Provided data –
○ ○ ○ ○

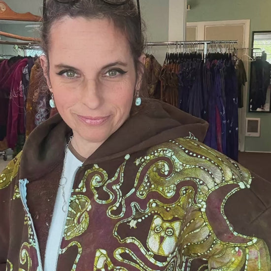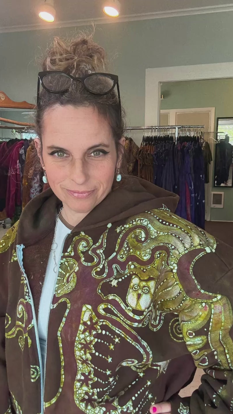 The artwork is painted freehand with molten wax, then dyed in stages using traditional batik techniques. After dyeing, the hoodie is boiled to remove the wax, revealing the full depth of color and detail in the design. Each one is signed and dated inside.
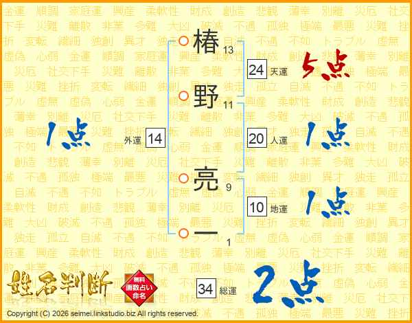 生活面を象徴する運勢です。外部から受ける影響力を表し、結婚運、家庭運や職場、環境への順応性を表します。総運から人運を引いた画数。姓や名が1文字の場合を除く。
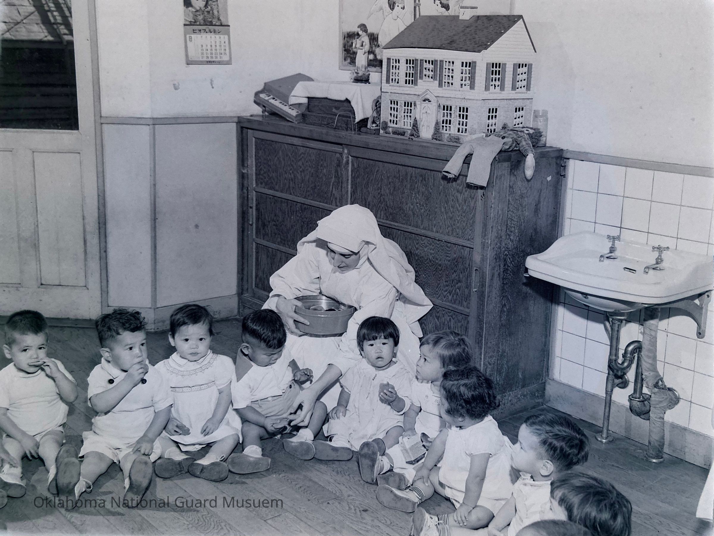 Japanese children with a Nun
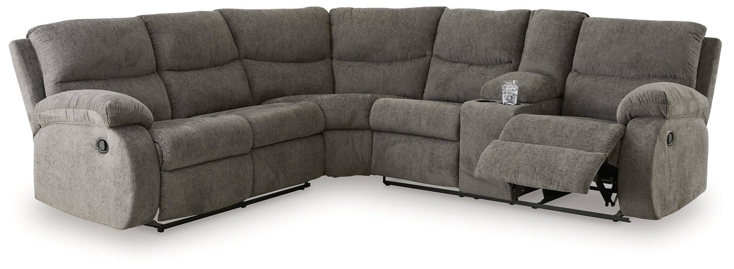 Cozy comfort is on the rise with this reclining sectional. So velvety soft, the trendy pewter-hued chenille upholstery is made for everyday indulgence. Overstuffed and stylishly wrapped, the sumptuous cushions and pillow top armrests display the comfortable side of contemporary. A padded center console with hidden storage and dual cup holders blends form and function. And with one easy pull, you're on your way to endless relaxation with plenty of room to stretch out.

○ ○ ○ ○

Once the line containing "Japanese children with a Nun" is found, transcribe it and the rest of the lines to the end of the listing above exactly, omitting all pictures.

 Japanese children with a Nun
 Cozy comfort is on the rise with this reclining sectional. So velvety soft, the trendy pewter-hued chenille upholstery is made for everyday indulgence. Overstuffed and stylishly wrapped, the sumptuous cushions and pillow top armrests display the comfortable side of contemporary. A padded center console with hidden storage and dual cup holders blends form and function. And with one easy pull, you're on your way to endless relaxation with plenty of room to stretch out.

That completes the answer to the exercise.